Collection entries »
□ □ □ □ □ □ □
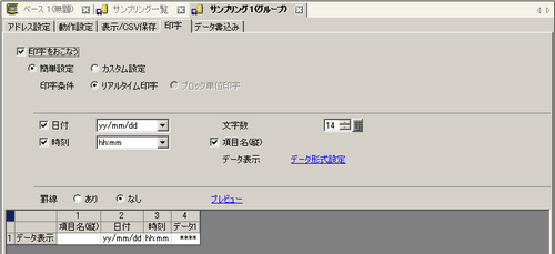印字を行うかどうかを指定します。サンプリングデータを印字する場合は必ずチェックを入れ、印字フォーマットを設定してください。
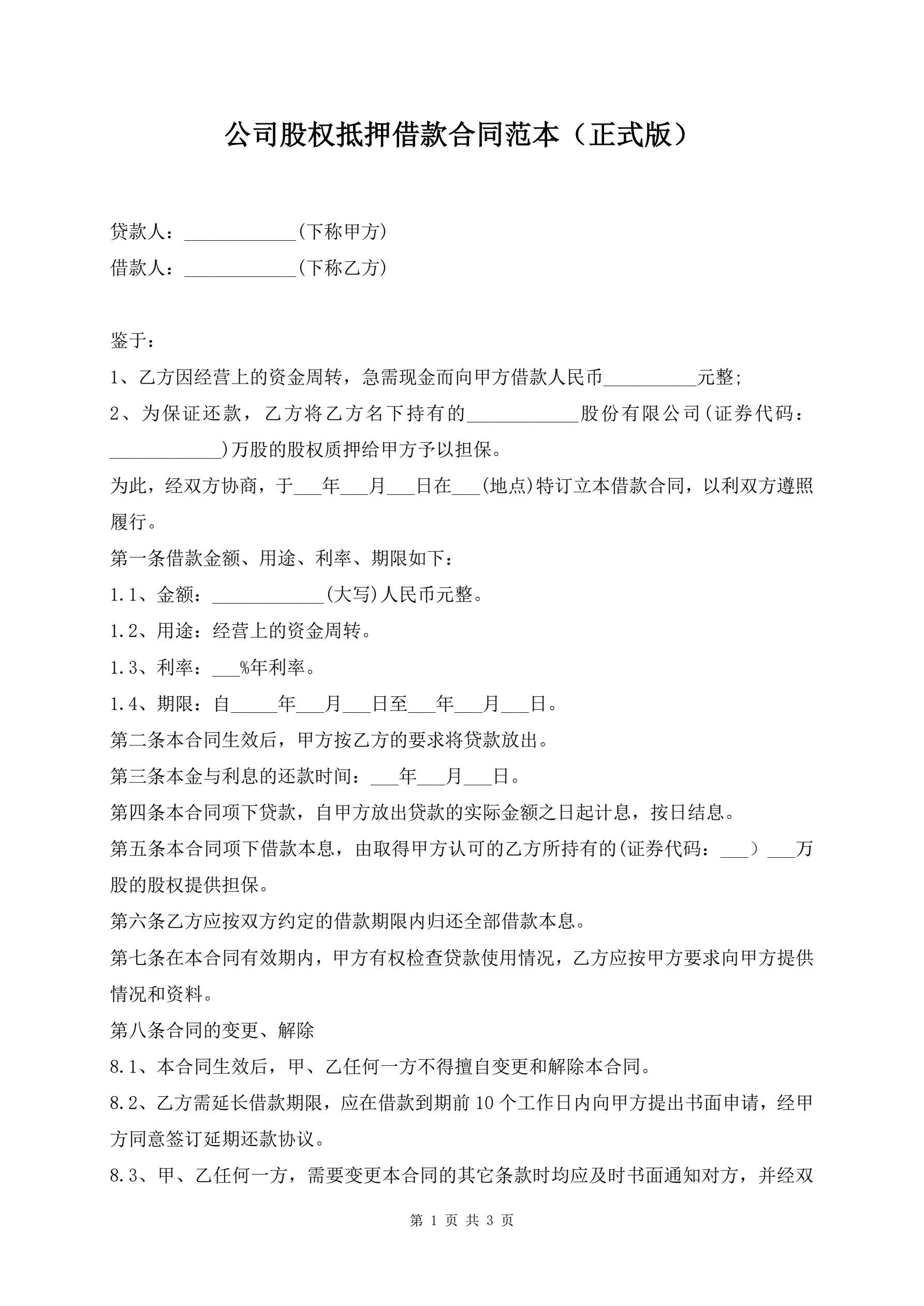 公司股权抵押借款合同范本(正式版)
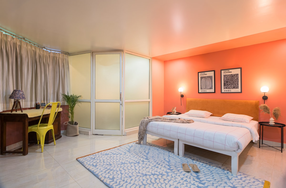 Noir是GK 1的一間臥室住宅,設計有深色調色板和乾淨的線條。 一張特大床,配有套房浴缸,是私人空間的重點,而客廳區域則通往陽臺和一台55英寸智慧電視,採用鉸鏈支架。 設備齊全的廚房,配有內置早餐櫃檯,可供長期住宿。 臥室有自己的42英寸電視和私人陽臺。 兩間房間都有分體式空調、備用逆變器和200 Mbps Wi-Fi,讓您工作和休息都能順暢無礙。 通往二樓的樓梯。
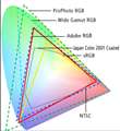 AdobeRGBは、一般的な一般的に商業印刷で使われている4色印刷の色域をほぼ内包する。
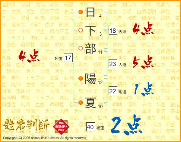 日(4画)下(3画)部(11画) 陽(12画)夏(10画)
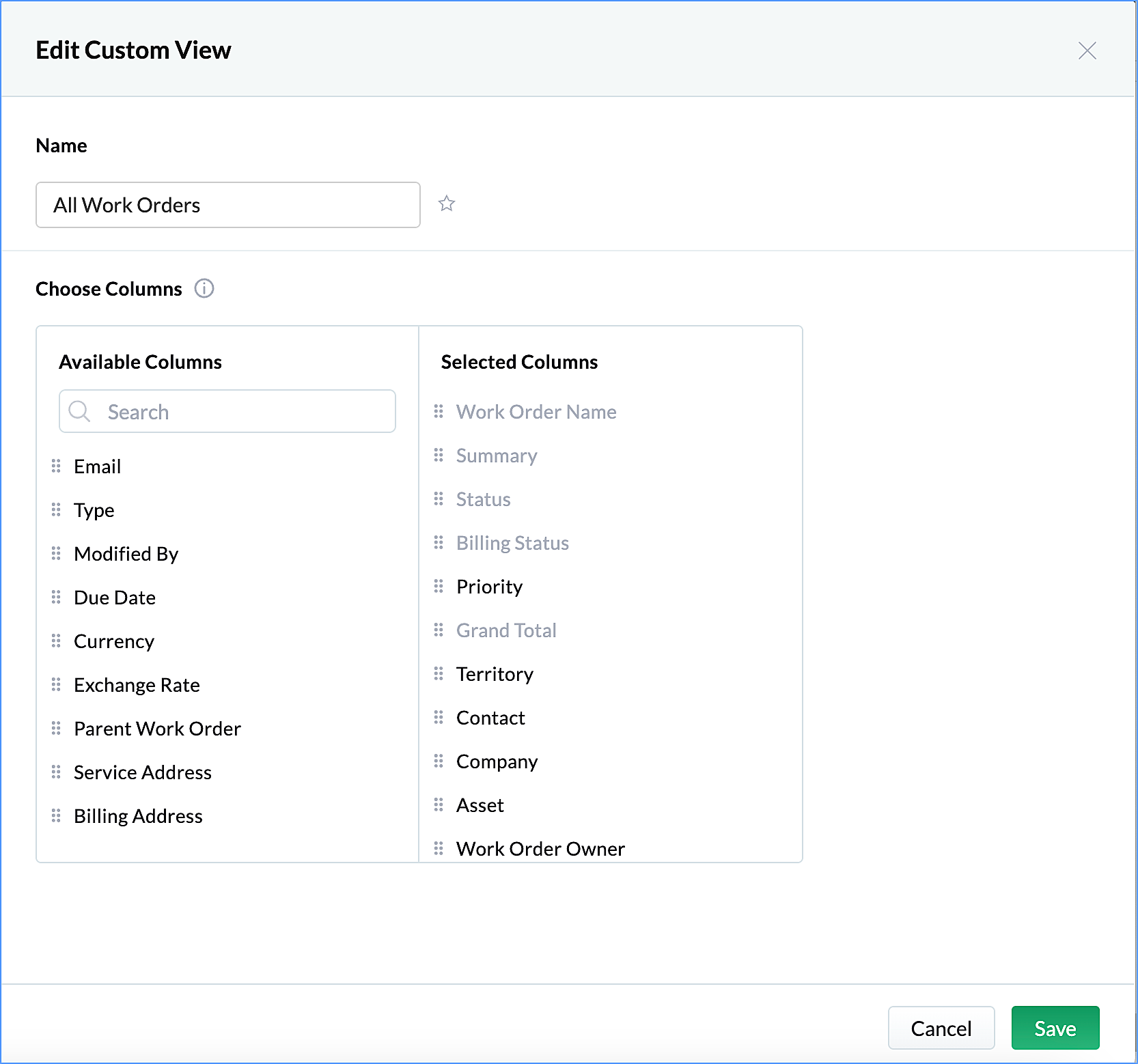 4. The system-defined columns will however be greyed out and cannot be deleted or reordered.
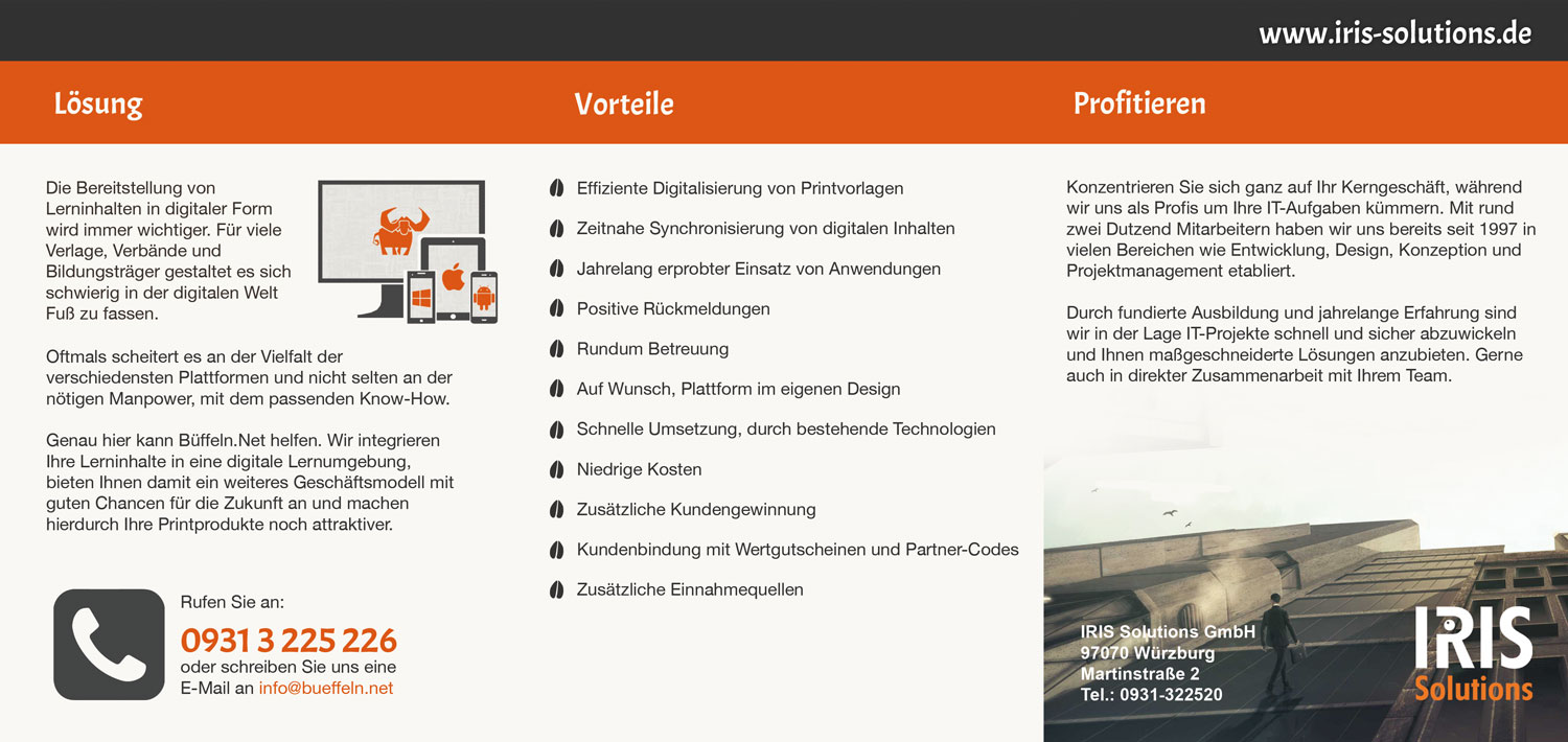 Ein Faltblatt im Zick-Zack-Falz das für weitere Kundenaquise auf der Frankfurter Buchmesse gedacht war:
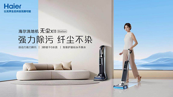 亮眼表现的背后,离不开科技创新的强大支撑。据介绍,不同于市面上其他洗地机,海尔洗地机无尘X11 Station搭载行业首创的双动力洁净科技,一体式双刷设计,不管向前向后都是双倍清洁地面,配合风旋增压风道,保证18000Pa强大吸力完整输出,聚污效果更好。不仅如此,该产品采用行业领先的弹性臂科技,浮动金属刮刀实时紧贴滚刷,深入根部清理污垢,滚刷污水回收率提升12%;配合行业首创的中子式活水喷淋科技,16孔花洒式喷水,保证滚刷干净的同时没有多余水渍。
□ □ □ □ □ □ □
Goal of the exercise »
Exclude the pictures and give back the rest of the data above exactly as written.

Response to the task »
印字を行うかどうかを指定します。サンプリングデータを印字する場合は必ずチェックを入れ、印字フォーマットを設定してください。
 公司股权抵押借款合同范本(正式版)
 Noir是GK 1的一間臥室住宅,設計有深色調色板和乾淨的線條。 一張特大床,配有套房浴缸,是私人空間的重點,而客廳區域則通往陽臺和一台55英寸智慧電視,採用鉸鏈支架。 設備齊全的廚房,配有內置早餐櫃檯,可供長期住宿。 臥室有自己的42英寸電視和私人陽臺。 兩間房間都有分體式空調、備用逆變器和200 Mbps Wi-Fi,讓您工作和休息都能順暢無礙。 通往二樓的樓梯。
 AdobeRGBは、一般的な一般的に商業印刷で使われている4色印刷の色域をほぼ内包する。
 日(4画)下(3画)部(11画) 陽(12画)夏(10画)
 4. The system-defined columns will however be greyed out and cannot be deleted or reordered.
 Ein Faltblatt im Zick-Zack-Falz das für weitere Kundenaquise auf der Frankfurter Buchmesse gedacht war:
 亮眼表现的背后,离不开科技创新的强大支撑。据介绍,不同于市面上其他洗地机,海尔洗地机无尘X11 Station搭载行业首创的双动力洁净科技,一体式双刷设计,不管向前向后都是双倍清洁地面,配合风旋增压风道,保证18000Pa强大吸力完整输出,聚污效果更好。不仅如此,该产品采用行业领先的弹性臂科技,浮动金属刮刀实时紧贴滚刷,深入根部清理污垢,滚刷污水回收率提升12%;配合行业首创的中子式活水喷淋科技,16孔花洒式喷水,保证滚刷干净的同时没有多余水渍。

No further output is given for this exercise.